[DATA TO USE]

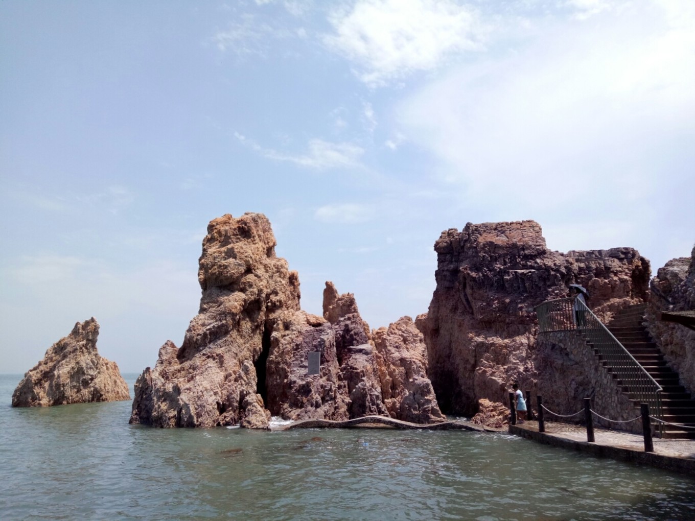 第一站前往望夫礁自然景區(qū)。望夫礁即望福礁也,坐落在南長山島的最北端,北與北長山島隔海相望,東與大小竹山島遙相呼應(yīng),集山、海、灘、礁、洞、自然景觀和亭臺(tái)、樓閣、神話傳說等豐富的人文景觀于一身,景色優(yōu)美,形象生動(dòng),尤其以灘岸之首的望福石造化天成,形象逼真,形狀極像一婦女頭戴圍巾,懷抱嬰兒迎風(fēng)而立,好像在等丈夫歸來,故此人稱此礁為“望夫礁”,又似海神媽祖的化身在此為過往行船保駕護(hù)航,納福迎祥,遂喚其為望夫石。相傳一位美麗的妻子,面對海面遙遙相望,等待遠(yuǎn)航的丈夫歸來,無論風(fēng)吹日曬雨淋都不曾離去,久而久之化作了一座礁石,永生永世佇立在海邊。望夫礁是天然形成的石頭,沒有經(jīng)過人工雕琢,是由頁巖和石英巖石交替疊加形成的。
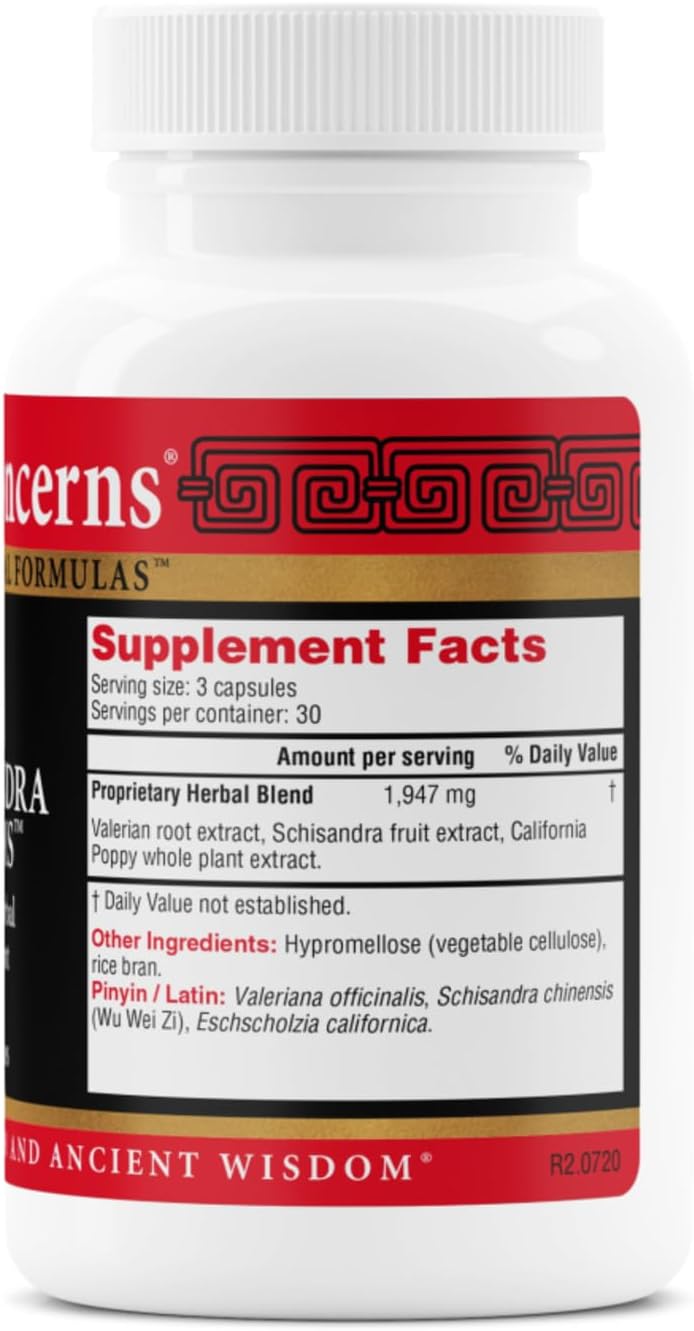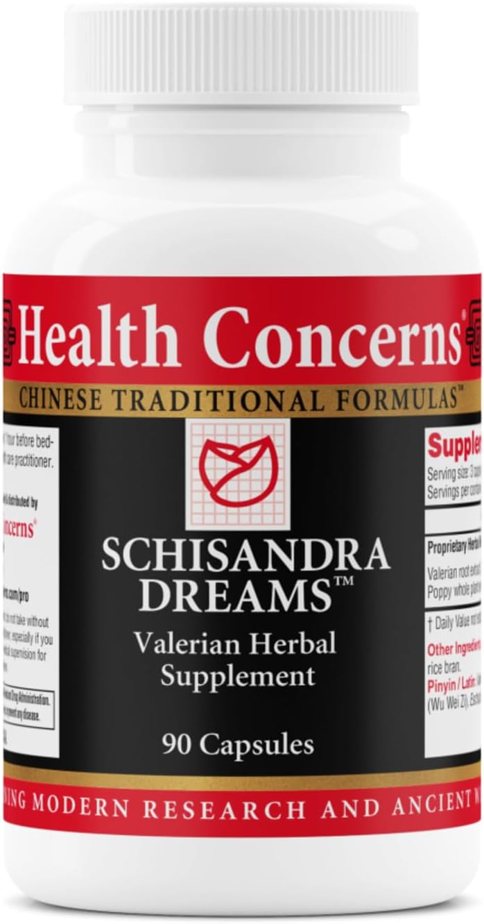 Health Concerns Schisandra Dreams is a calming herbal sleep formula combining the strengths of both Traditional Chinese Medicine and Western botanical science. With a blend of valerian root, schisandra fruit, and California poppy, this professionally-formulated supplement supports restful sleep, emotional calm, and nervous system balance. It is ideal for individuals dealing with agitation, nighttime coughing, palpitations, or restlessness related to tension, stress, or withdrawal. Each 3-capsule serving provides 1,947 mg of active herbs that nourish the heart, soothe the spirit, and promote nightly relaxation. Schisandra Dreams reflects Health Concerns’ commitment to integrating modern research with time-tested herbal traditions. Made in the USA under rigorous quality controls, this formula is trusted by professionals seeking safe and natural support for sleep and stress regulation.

[/DATA TO USE]
[DATA TO USE]

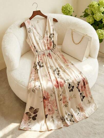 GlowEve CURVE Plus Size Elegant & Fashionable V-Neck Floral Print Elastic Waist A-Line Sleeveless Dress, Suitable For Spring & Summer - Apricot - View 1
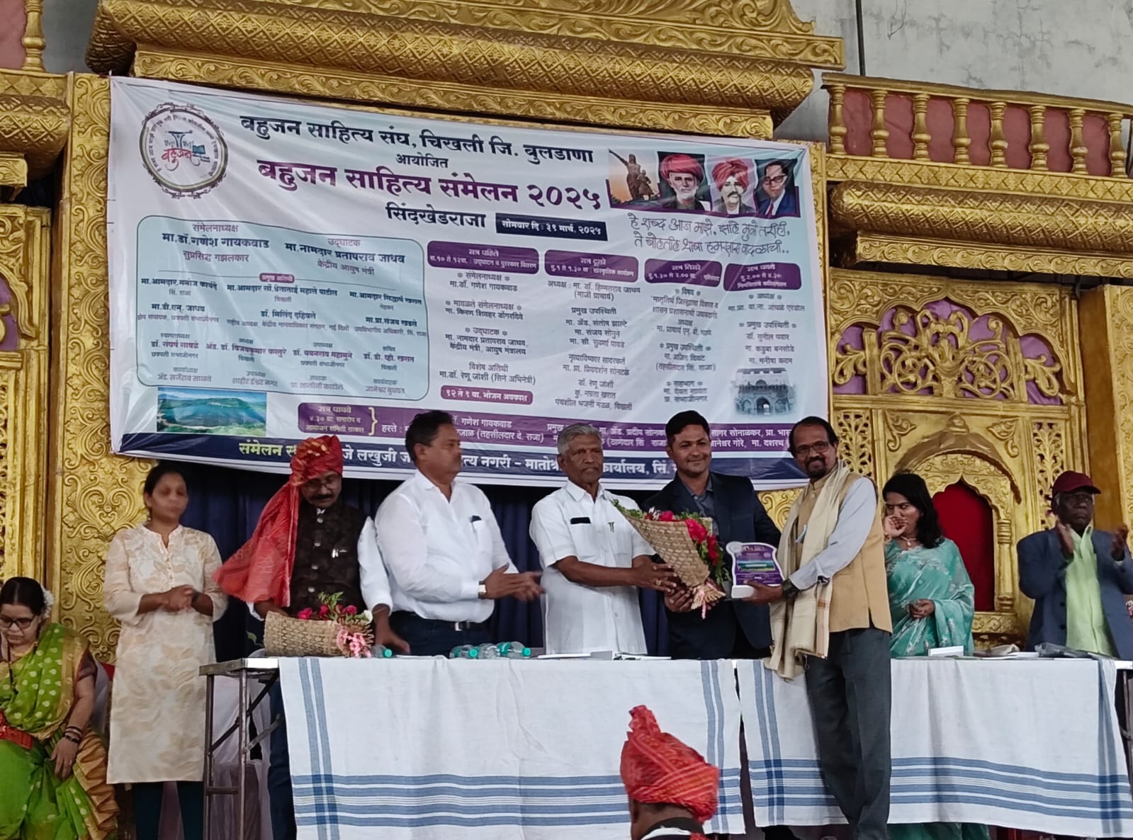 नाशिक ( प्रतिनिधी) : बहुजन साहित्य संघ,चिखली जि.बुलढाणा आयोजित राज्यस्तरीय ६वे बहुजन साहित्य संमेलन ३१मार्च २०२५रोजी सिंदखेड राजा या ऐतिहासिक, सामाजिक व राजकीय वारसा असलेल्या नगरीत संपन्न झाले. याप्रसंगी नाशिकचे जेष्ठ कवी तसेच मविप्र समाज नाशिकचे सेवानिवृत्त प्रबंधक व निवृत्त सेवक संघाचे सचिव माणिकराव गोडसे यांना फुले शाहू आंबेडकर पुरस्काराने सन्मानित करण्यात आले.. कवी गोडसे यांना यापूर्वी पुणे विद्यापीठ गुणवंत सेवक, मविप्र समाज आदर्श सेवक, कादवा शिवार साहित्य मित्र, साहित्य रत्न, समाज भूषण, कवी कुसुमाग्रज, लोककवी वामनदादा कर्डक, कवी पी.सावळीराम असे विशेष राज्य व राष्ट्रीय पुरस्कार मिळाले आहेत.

[/DATA TO USE]

_WORK ITEM_:
Transcribe exactly the lines above, beginning at the one with "第一站前往望夫礁自然景區(q" and going up to and including the one with "Health Concerns Schisandra". Pictures do not belong in the copy.

_EXERCISE RESPONSE_:
 第一站前往望夫礁自然景區(qū)。望夫礁即望福礁也,坐落在南長山島的最北端,北與北長山島隔海相望,東與大小竹山島遙相呼應(yīng),集山、海、灘、礁、洞、自然景觀和亭臺(tái)、樓閣、神話傳說等豐富的人文景觀于一身,景色優(yōu)美,形象生動(dòng),尤其以灘岸之首的望福石造化天成,形象逼真,形狀極像一婦女頭戴圍巾,懷抱嬰兒迎風(fēng)而立,好像在等丈夫歸來,故此人稱此礁為“望夫礁”,又似海神媽祖的化身在此為過往行船保駕護(hù)航,納福迎祥,遂喚其為望夫石。相傳一位美麗的妻子,面對海面遙遙相望,等待遠(yuǎn)航的丈夫歸來,無論風(fēng)吹日曬雨淋都不曾離去,久而久之化作了一座礁石,永生永世佇立在海邊。望夫礁是天然形成的石頭,沒有經(jīng)過人工雕琢,是由頁巖和石英巖石交替疊加形成的。
 Health Concerns Schisandra Dreams is a calming herbal sleep formula combining the strengths of both Traditional Chinese Medicine and Western botanical science. With a blend of valerian root, schisandra fruit, and California poppy, this professionally-formulated supplement supports restful sleep, emotional calm, and nervous system balance. It is ideal for individuals dealing with agitation, nighttime coughing, palpitations, or restlessness related to tension, stress, or withdrawal. Each 3-capsule serving provides 1,947 mg of active herbs that nourish the heart, soothe the spirit, and promote nightly relaxation. Schisandra Dreams reflects Health Concerns’ commitment to integrating modern research with time-tested herbal traditions. Made in the USA under rigorous quality controls, this formula is trusted by professionals seeking safe and natural support for sleep and stress regulation.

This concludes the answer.